What does NOT work is basically any other kind of mutating, in-place assignment:
source.data['x'][100:200] = [...] # Bokeh does not automatically handle this
This is your First ("index") method above, and it is a non-starter. This kind of usage will not trigger any changes in the browsers.
The TLDR is that wrapping every CDS sequence in some custom class that overrides the standard getitem/setitem machinery just makes common usage too inefficient, and the trade-off cannot be justified. Bokeh will not auto-magically notice or do anything with with mutating assignments like this. (If you are purely in BokehJS JavaScript-side, then you can make in-place assignments like this and then manually call a change.emit()
to manually trigger updates, but that is only for the pure JS side of things).
Recognizing that sometimes even restricting CDS updates to a single column is still not efficient enough, the patch
and stream
methods were added to ColumnDataSource
.
These methods are for cases like:
I want to append few new values to the end of all my columns, instead of sending all the data again. (e.g for streaming new stock ticker or other sensor data efficiently)
I want to update a few specific values in the middle of my large time series or image, but only send the updated values and not re-send everything else.

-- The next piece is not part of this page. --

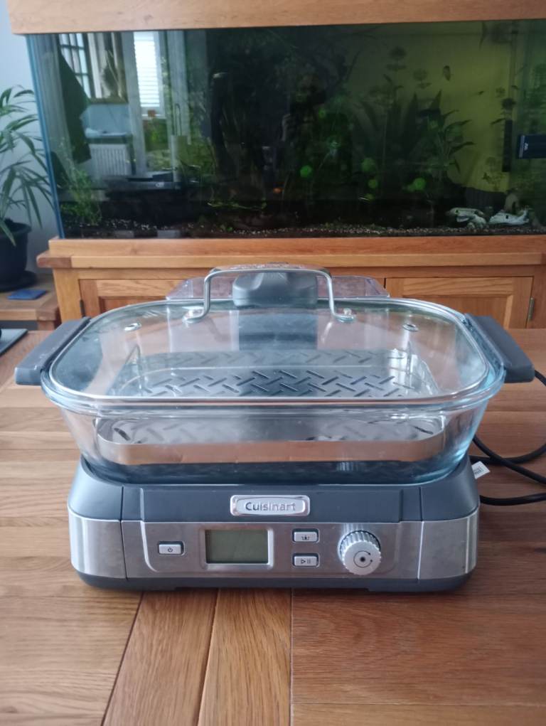 Cuisinart vegetable steamer in good working order but with a small chip on the lip of the glass dish.

This is your Second method and is typically much faster for small updates relative to total data size. As for patch
specifically, you can see e.g. the patch_app.py
example in the examples folder:
This example updates a three separate scatter, multi-line, and image plots all simultaneously at a 20Hz update rate. The checked-in version has fairly modest data sizes, but I tested it again locally by bumping all the data to 10–100x larger, and it still kept up. If you are seeing something different from patch (i.e. multi-second update times), then a complete Minimal Reproducing Example is needed to actually investigate.